DATA BLOCK:
☆ ☆ ☆
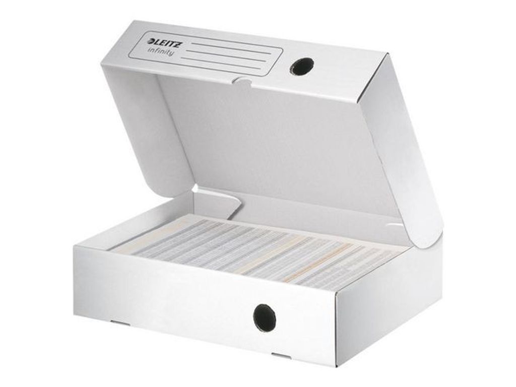 Härifrån till evigheten - Leitz Infinity arkiveringsbox Leitz Infinity, serien för långtidsarkivering, uppfyller den internationella ISO 16245 standarden för långtidsarkiveringFSC certifierade och är tillverkad av korrugerad kartong som är syrafri och av 100% jungfrufiber och rekommenderas till arkiveringsspecialister som nationella arkiv, museum, bibliotek, kyrkor, skolor och privata organisationerDenna 80mm breda box har en design som gör den enkel att montera vilket spar tid och kraft.Dubbla förslutningsklaffar ger ett bra skydd åt innehållet och förstärker tumhålet vilket förhindrar oavsiktlig öppning.Idealisk till förvaring av A4 dokument och papper.Kan förvaras stående eller liggande.
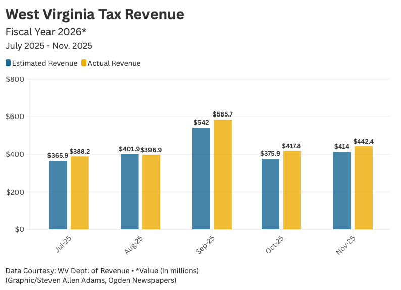 The state Department of Revenue and the Senate Finance Committee both released reports Monday detailing tax collections for November and the first five months of fiscal year 2026 for West Virginia’s general revenue fund.
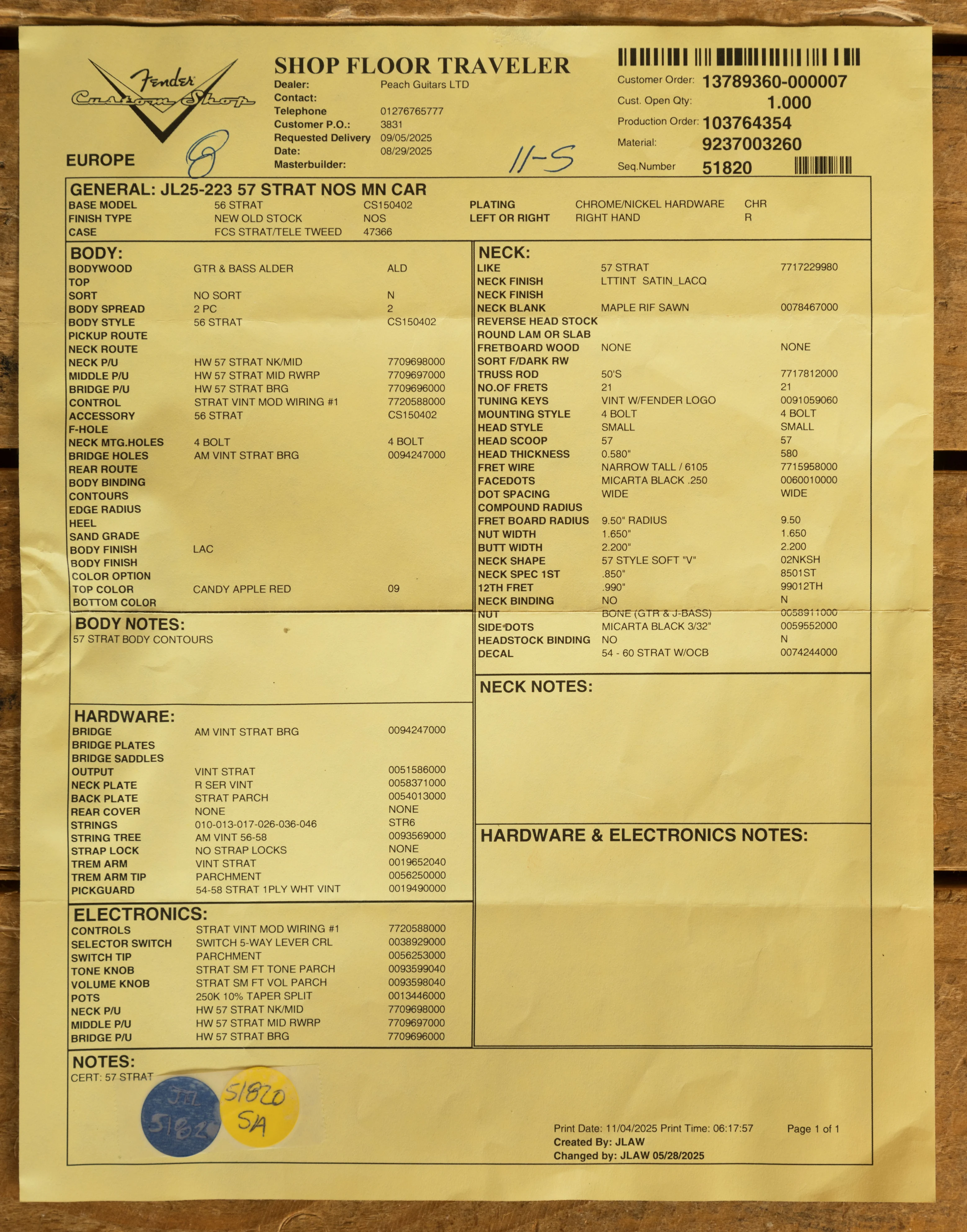 Handwound 57 Strat Pickups - 9.5" Fingerboard Radius - Narrow Tall Frets
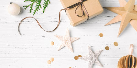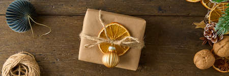 Christmas present in box. Eco friendly set. Zero Waste Ney Year Space for your greetings. Banner
☆ ☆ ☆
REQUIREMENT:
Copy exactly, and copy only, the lines from the one bearing "The state Department" through the closing line of the material, with both ends kept and pictures removed.

YOUR RESPONSE:
 The state Department of Revenue and the Senate Finance Committee both released reports Monday detailing tax collections for November and the first five months of fiscal year 2026 for West Virginia’s general revenue fund.
 Handwound 57 Strat Pickups - 9.5" Fingerboard Radius - Narrow Tall Frets
 Christmas present in box. Eco friendly set. Zero Waste Ney Year Space for your greetings. Banner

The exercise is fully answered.